"I keep that for the mornings. Shall I ring the bell?"
He nodded. The waiter who entered looked curiously from one to another. Lord Alcester had a firm, quiet, impressive manner.
"You will bring me," he said, "a bottle of the best port you have and a small bottle of soda-water. Make up that fire."
"I never said a bottle," said the woman. "Are you going to drink the rest?"
"I am going to drink the soda-water. Don't talk about that. Sit down by the fire. Warm your hands and tell me about yourself."

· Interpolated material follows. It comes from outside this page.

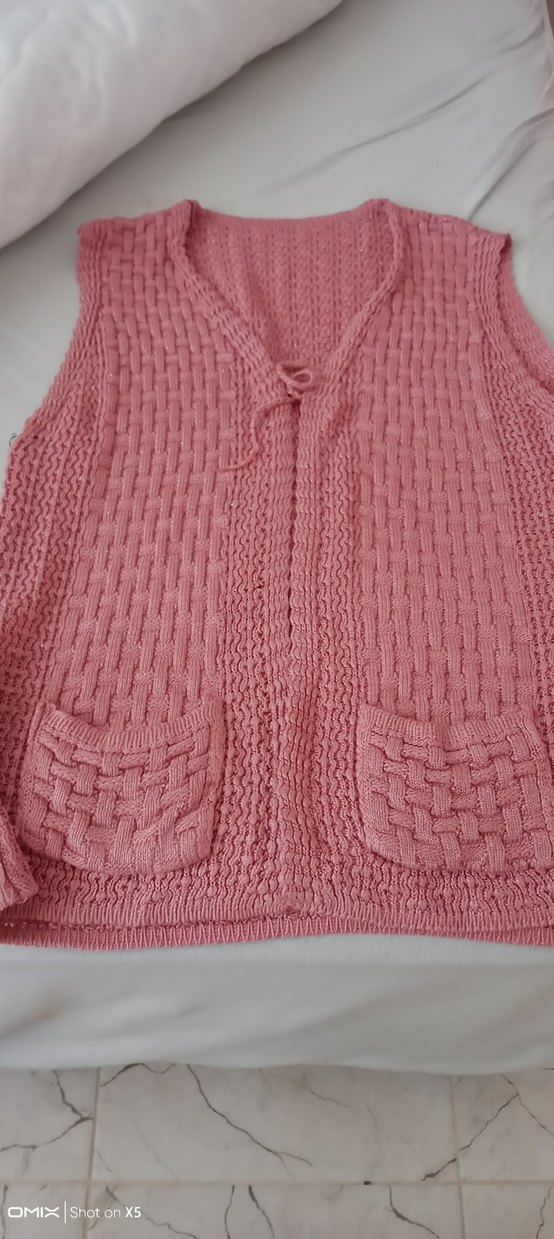 Pembe örgü kumaştan, V yaka ve kolsuz tasarıma sahip, bol kesim kadın yelek. Önde cepleri ve midi boyu ile rahat, bohem tarzda günlük kullanım için uygun.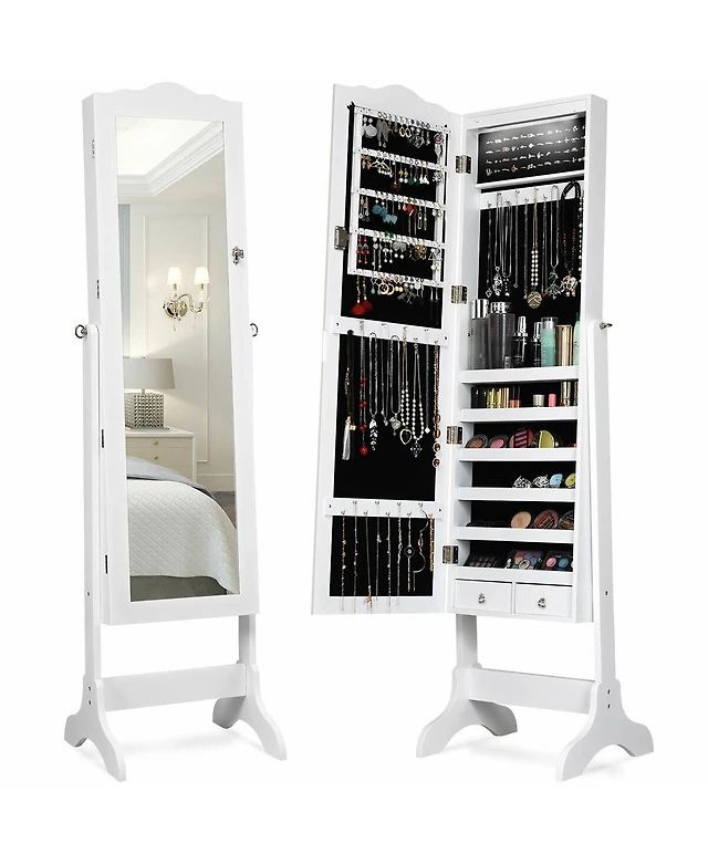 Best Choice Products Hanging Mirror Jewelry Armoire, Door or Wall Mounted Cabinet w/ Led Lights, Lock

It was not until she had finished her first glass of port that she began on the subject. "There is no more to say than what I said before," she said. "You were my ruin."
"I remember that night very distinctly. I never made love to you. I never tried to kiss you. I never treated you with any less respect than I would have treated a woman of my own class. What are you talking about? What is all this nonsense?"
"No nonsense at all. How did you think it would be when I got home that night with fifty pounds' worth of new clothes, and my pearl necklace, and a story of a theatre and supper afterwards? Do you think they would believe my word at home? They said they did; I have got a temper, and they daren't say anything else; but they let me see very well that they didn't believe me. I wasn't going to stand it. Next morning at breakfast, when they were all full of the thing, I gave them some straight talking, and then I cleared out."
"Am I responsible for the heat of your temper and the straightness of your talking?"
"You might have guessed how it would be with me. Did you think that after one night of glory like that I was going back to perpetual drudgery? I'd seen life as it might be, and I'd been given a bad name. I'd only got to deserve it."